India Proposes Techno-Legal AI Governance Framework
India’s Office of the Principal Scientific Adviser (PSA) has released a white paper outlining a comprehensive approach to govern artificial intelligence (AI) through a “techno-legal” framework. Rather than establishing a standalone or omnibus AI law, the framework emphasizes that governance should operate within AI systems themselves, utilizing technical controls throughout the system’s lifecycle and anchored in existing legal and regulatory instruments.
Law-Plus Model
The paper introduces a “law-plus” model that incorporates sector-specific rules, subordinate legislation, regulatory guidance, standards, and technical enforcement mechanisms. This approach aims to fill gaps in AI governance while maintaining alignment with existing laws. This model distinguishes India from jurisdictions pursuing comprehensive AI Acts, reframing AI governance as a responsibility that begins at the design and deployment stages, rather than as a post hoc compliance exercise.
Rationale for the Framework
In the foreword, Principal Scientific Adviser Ajay K. Sood highlights the significant transformative potential of AI, while also cautioning that unmanaged risks could undermine trust and slow adoption. The white paper positions India’s approach within a global context of governments experimenting with risk-based regulation and principles-led frameworks.
Building upon the India AI Governance Guidelines, the framework outlines a pro-innovation approach that integrates baseline legal safeguards, sectoral regulation, technical measures, and institutional mechanisms to foster “safe and trusted AI.” Importantly, it prioritizes proportionality and flexibility, rejecting uniform obligations across all AI systems in favor of context-sensitive regulation.
Defining Techno-Legal AI Governance
The core of the white paper centers around a shift in conceptualizing governance. The techno-legal approach integrates legal instruments, regulatory oversight, and technical enforcement mechanisms directly into AI systems by design. This governance model functions as an intrinsic feature of AI systems capable of responding to evolving risks, rather than an external constraint imposed post-deployment.
Key characteristics of this approach include transparency, explainability, and provability, all aligned with India’s legal, technical, and ethical norms. The framework employs a layered structure that ranges from laws to rules, regulatory guidance, standards, and technical tools, fostering distributed governance rather than centralized control.
Lifecycle-Based Governance
The paper asserts that AI risks accrue across the lifecycle of an AI system, emphasizing that harms tied to data use and model training become difficult to rectify once systems are deployed. It distinguishes between “AI users”, who interact directly with AI systems, and “AI subjects”, who may experience the impacts of AI decisions without awareness or consent.

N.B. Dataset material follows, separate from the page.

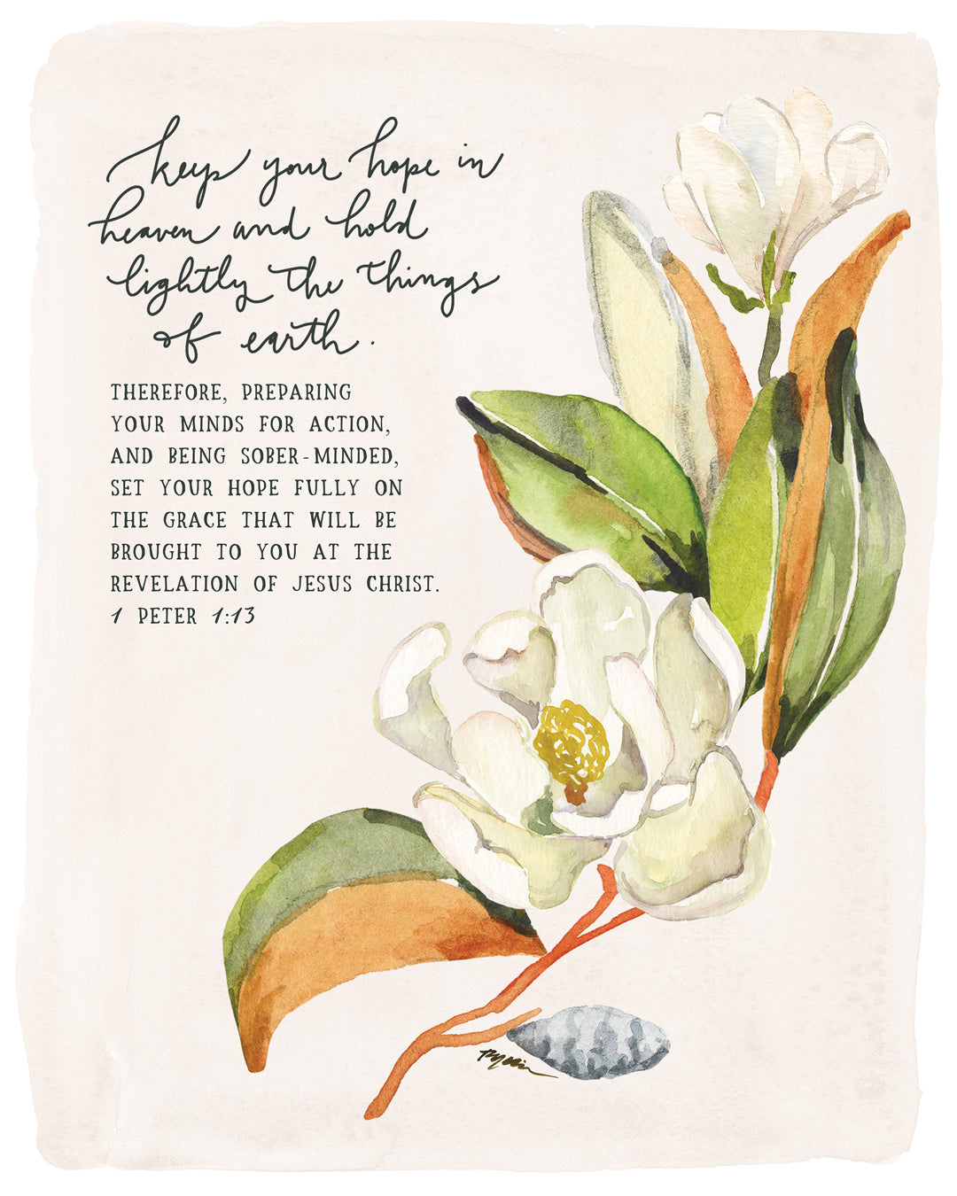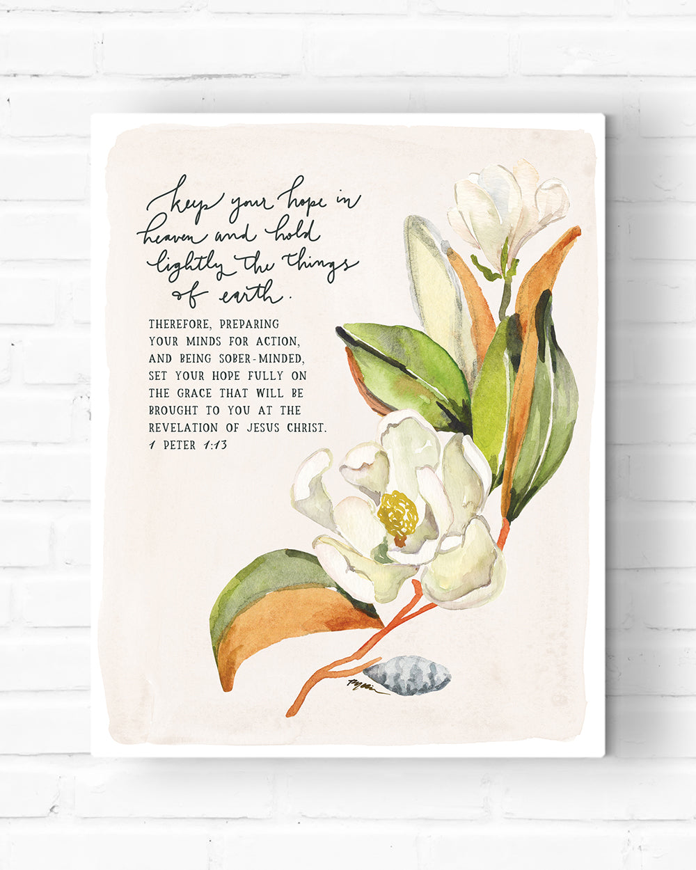 This reproduction of an original hand painted, hand lettered watercolor painting by Ruth Chou Simons is printed on a professional quality gallery-wrapped canvas with solid backing. It comes ready to hang and does not require framing.

The governance framework is organized around five stages of the AI lifecycle:
- Data Collection
This initial stage identifies risks related to privacy, safety, intellectual property, and fairness. The paper proposes data governance frameworks, risk assessments, and consent verification to mitigate these risks.
- Data-in-Use Protection
During model training, risks such as unauthorized access and security breaches are particularly sensitive. The framework advocates for privacy-enhancing technologies and audit controls to safeguard data during this crucial phase.
- AI Training and Model Assessment
At this stage, the framework emphasizes the importance of impact-aware decision-making and stakeholder consultation, proposing controls such as model risk assessments and transparency mechanisms.
- Safe AI Inference
Governance does not cease post-deployment; the inference stage poses risks including unintended disclosures and fairness concerns. Proposed measures include runtime monitoring and adversarial attack detection to manage these risks effectively.
- Trusted and Agentic AI Systems
As AI systems gain autonomy, the need for enhanced governance increases. The framework suggests controls such as continuous monitoring and behavior logging to ensure accountability.
Operationalizing the Framework
The white paper proposes a multi-layered institutional architecture centered around an AI Governance Group, which will coordinate across ministries and regulators. It also recommends establishing a Technology and Policy Expert Committee and an AI Safety Institute to facilitate evaluation and testing of AI systems.
Additionally, a national AI incident database is proposed to allow stakeholders to report AI-related failures, fostering institutional learning and informing future standards.
Digital Public Infrastructure as a Governance Enabler
The framework leverages India’s Digital Public Infrastructure (DPI) as a governance tool, enabling consent-based access and identity verification while embedding techno-legal controls into workflows.
Limitations of the Framework
The white paper does not clarify enforcement boundaries in cases of AI failures, leaving open questions about accountability for AI subjects. It also lacks definitions for enforcement thresholds and assumes substantial technical capacity for compliance, raising concerns about feasibility for smaller entities.
Overall, while the techno-legal framework does not resolve all challenges, it presents an incremental approach to embed safeguards into AI systems while maintaining regulatory flexibility as AI adoption progresses.